- [INFORMATION SHOWN]:

___

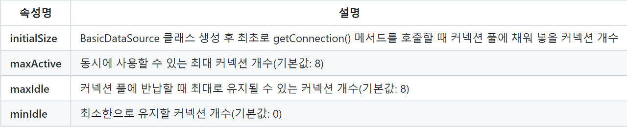 - 이후 비즈니스 로직이 커넥션을 사용한 후 pool에 반납할 경우, maxIdle = 5에 영향을 받아 커넥션을 실제로 닫아버리므로 일부 커넥션을 매번 생성했다 닫는 비용이 발생할 수 있다.
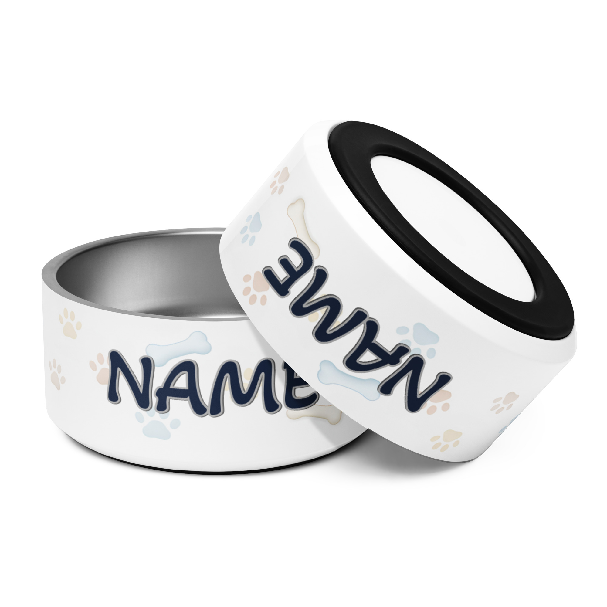 Dieser liebevoll gestaltete Hundenapf mit Namen verbindet zeitloses Design mit persönlicher Note. Das dezente Pfoten- und Knochenmuster in sanften Farben sorgt für einen ruhigen, hochwertigen Look – perfekt für jedes Zuhause.
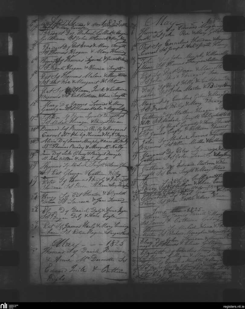 Oldcastle; County of Meath; Diocese of Meath. Baptisms, Apr. 1825 to June 1825

___

- [ASSIGNMENT]: Repeat verbatim the lines from the one holding "Dieser liebevoll gestaltete" through the end of the listing above, both ends included, but not the pictures.

- [WRITTEN RESPONSE]:
 Dieser liebevoll gestaltete Hundenapf mit Namen verbindet zeitloses Design mit persönlicher Note. Das dezente Pfoten- und Knochenmuster in sanften Farben sorgt für einen ruhigen, hochwertigen Look – perfekt für jedes Zuhause.
 Oldcastle; County of Meath; Diocese of Meath. Baptisms, Apr. 1825 to June 1825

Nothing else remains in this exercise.